The line with "5010-S4 Schedule 4" marks where to begin; print it and all lines after it in the material below exactly, skipping pictures.

═══ SUPPLIED INFORMATION

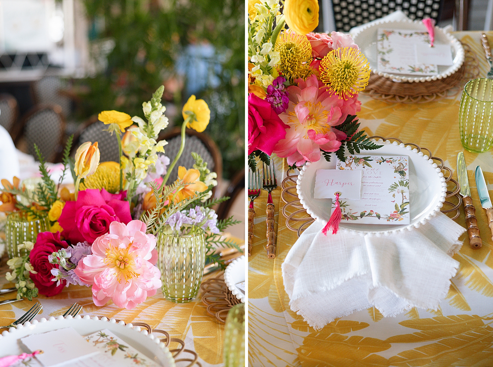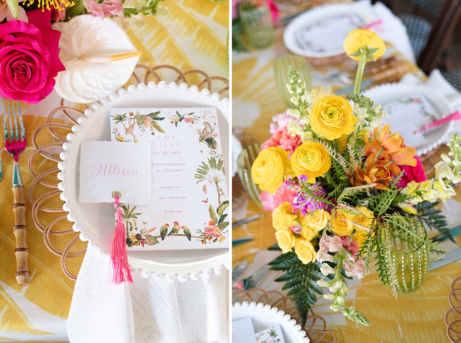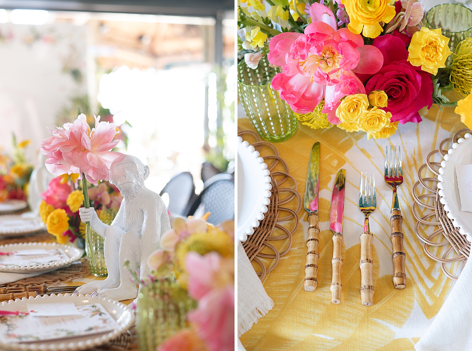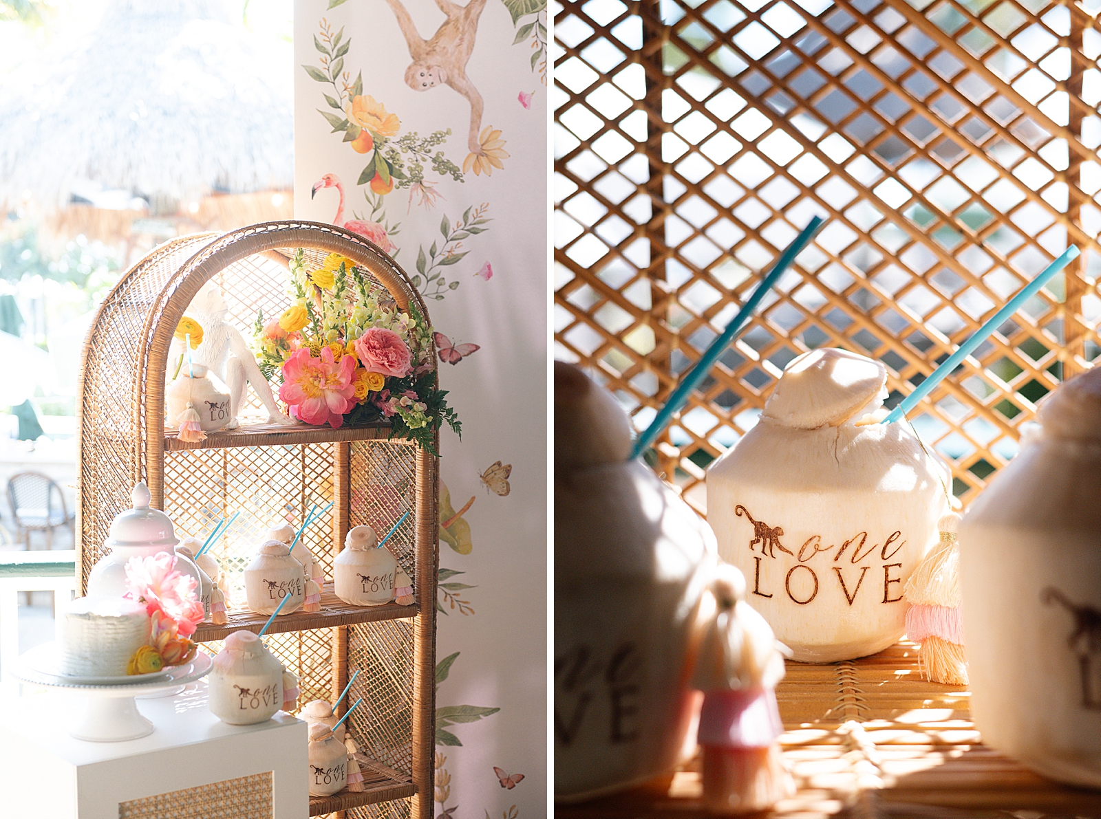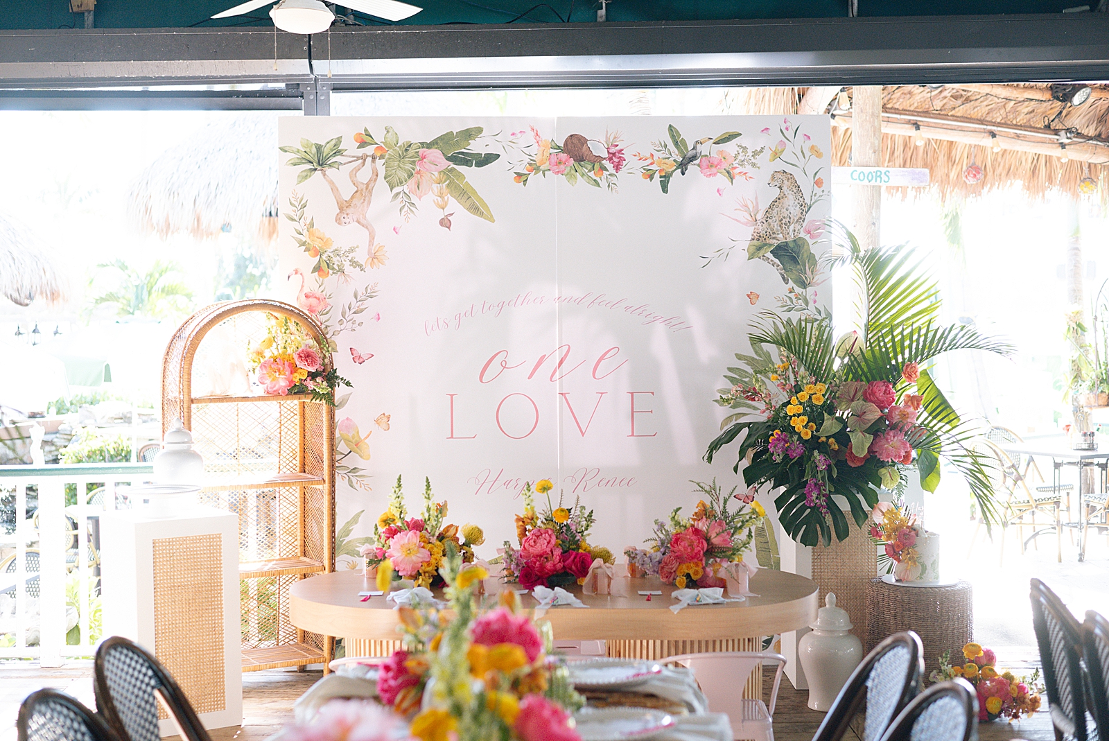 Guests gathered for a festive outdoor lunch while enjoying the colorful tropical atmosphere. Monkey accents were woven into the décor, bringing a fun and whimsical touch to the overall theme. From playful details on signage and table styling to themed décor elements, every design choice helped create a cohesive and joyful environment for family and friends.
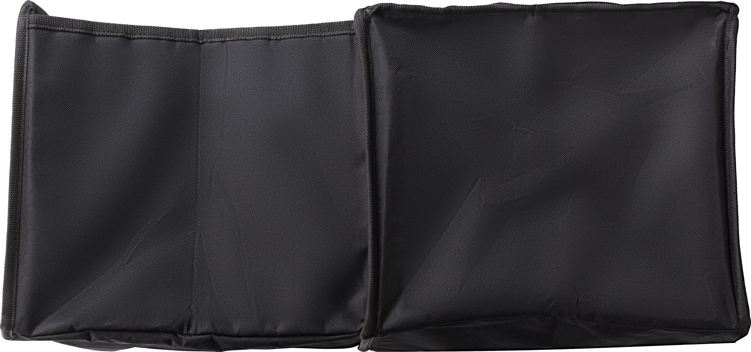 Autotasche aus Polyester (600D). Zwei Fächer, eine Kühltasche mit Reißverschluss geschlossen. Aluminium innen auf der Seite der Kühltasche. Zusammenklappbar.
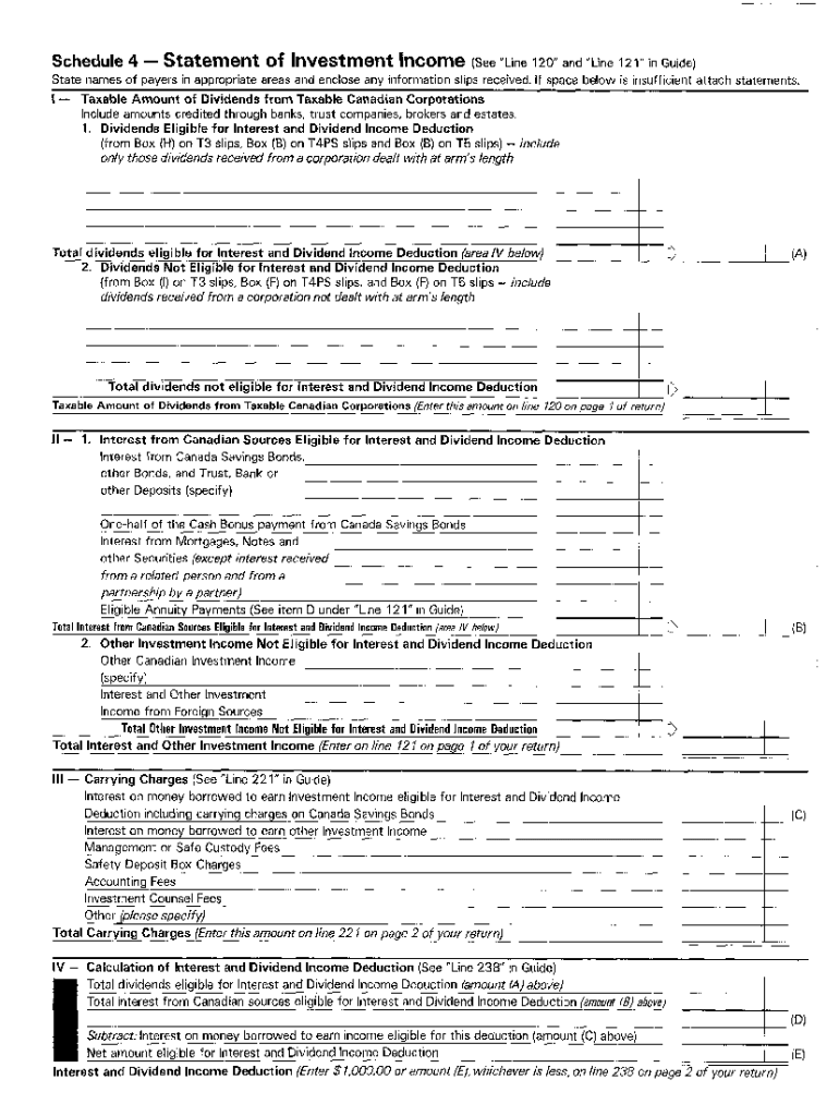 5010-S4 Schedule 4 — British Columbia — T1 General 1986 — Statement of investment income. Choose a blank template from the list and complete it instantly. Try now!
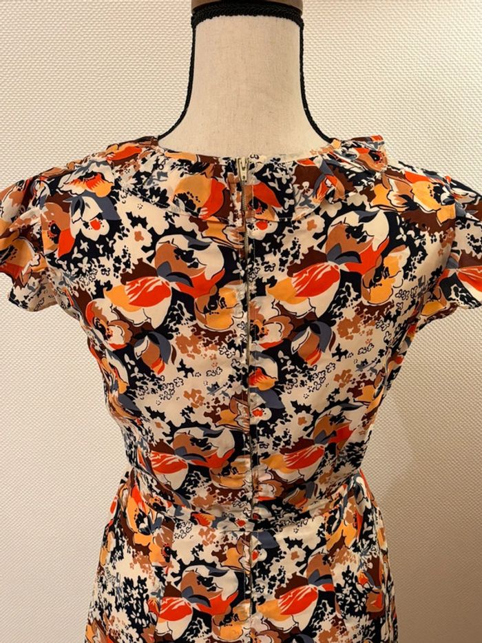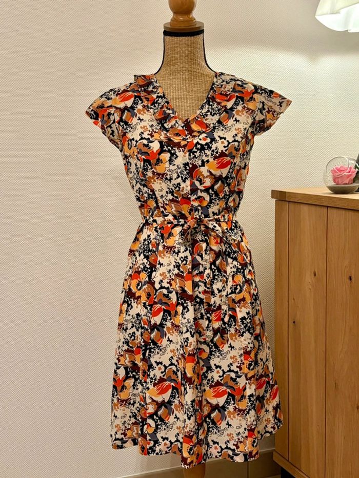 Magnifique petite robe vintage des années 60 Faite main, entièrement doublée avec fermeture éclair au dos Joli détail volanté au décolleté et aux épaules, petite ceinture pour souligner la taille Mesure épaule à épaule 39 cm Aisselle à aisselle 46 cm Taille 38 cm Longueur 95 cm

══════

_REPLY TO THE EXERCISE_
 5010-S4 Schedule 4 — British Columbia — T1 General 1986 — Statement of investment income. Choose a blank template from the list and complete it instantly. Try now!
 Magnifique petite robe vintage des années 60 Faite main, entièrement doublée avec fermeture éclair au dos Joli détail volanté au décolleté et aux épaules, petite ceinture pour souligner la taille Mesure épaule à épaule 39 cm Aisselle à aisselle 46 cm Taille 38 cm Longueur 95 cm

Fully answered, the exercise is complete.